Kim Barth, Mike Mossman

Enja/Soulfood ENJ9599
(61 Min.)

Oh nein! Werden hier etwa schon wieder die Brasilianer auf ihrem ureigensten Gebiet von den Deutschen gedemütigt? Fakt ist jedenfalls, dass der deutsch-dänische Altsaxofonist Kim Barth und der bayerische Gitarrist Paulo Morello derart hohes Ansehen bei brasilianischen Sanges-Größen wie Johnny Alf oder Leny Andrade genießen, dass man gemeinsam als „Bossa Nova Legends“ im Studio und auf Tournee war. Und wenn zu diesen Spezialkräften dann auch noch eine Koryphäe wie der US-Trompeter Mike Mossman stößt, der mit Horace Silver arbeitete und erste Trompetenstimme des Lincoln Center Afro-Latin Jazz Orchestra ist, kann man sich durchaus auf einen erneuten WM-2014-Sturmlauf à la Belo Horizonte gefasst machen.
Das Titelstück „Late Night Coffee“, mit dem das Album auch beginnt, legt gleich ein Zeugnis dieses Offensivgeistes ab. Unterstützt von Morellos geschmeidiger Gitarre, E-Bass (Dudu Penz), Drums (Cliff Almond) und Congas (Heinrich Klingmann) lassen die Bläser Erinnerungen an die Brecker Brothers, Arturo Sandoval oder Dizzy Gillespie wach werden.
Und auch wenn auf der CD zuweilen kräftig in brasilianischen Gefilden gewildert wird – etwa mit der Lässigkeit eines Stan Getz in der Bossa Nova „Song For My Little Daughter“ oder im mit allen Regenwaldwassern gewaschenen Choro-Funk in „Partido Blue“ – so sei zur Ehrenrettung des Samba-Landes gesagt: Barth und Mossman bedienen sich bei ihrer Musik auf dem gesamten südamerikanischen Kontinent und seiner Anrainer-Regionen.
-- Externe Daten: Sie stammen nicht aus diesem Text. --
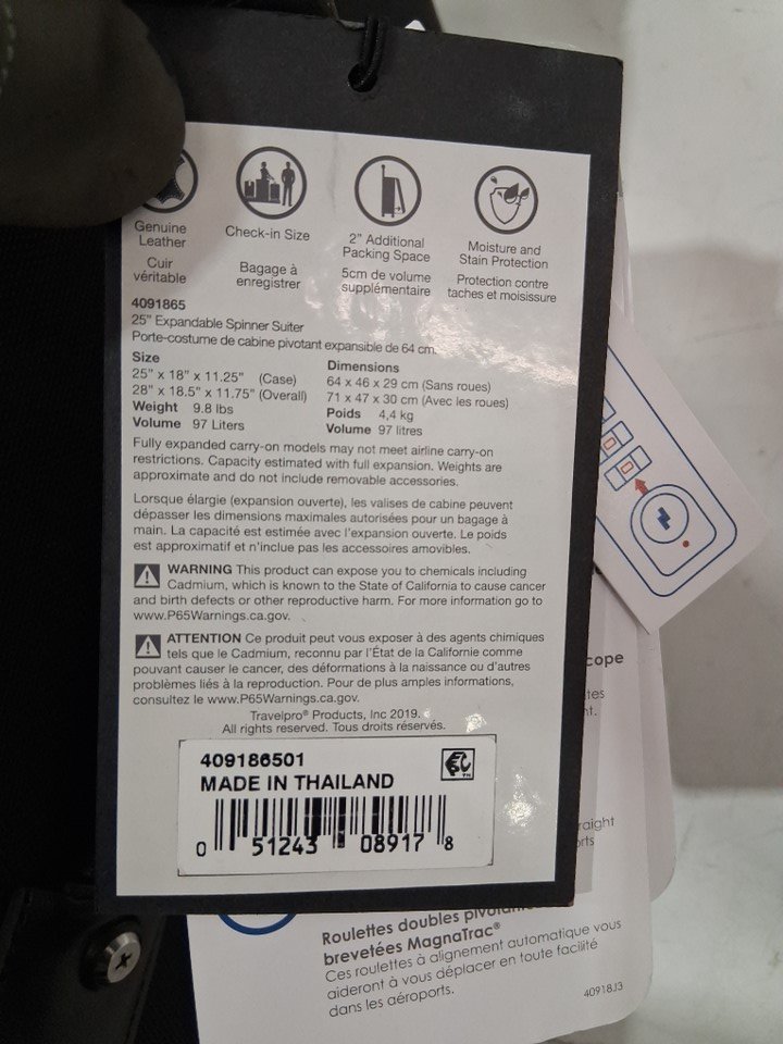 Travelpro Platinum Elite soft side Expandable Spinner Luggage/suitcase - 25" X 18" X 11.25" - Shadow Black (MODEL: 409186501)

Bolero, Son montuno oder Cha-Cha fungieren bei ihnen als Grundlage für eine höchst virtuose Latin-Hardbop-Fusion, die immer mit mindestens einem Fuß in New York steht. Horace Silver und Ray Baretto, denen jeweils ein Song gewidmet ist, hätten zweifellos ihren Spaß an diesem panamerikanischen Mix gehabt.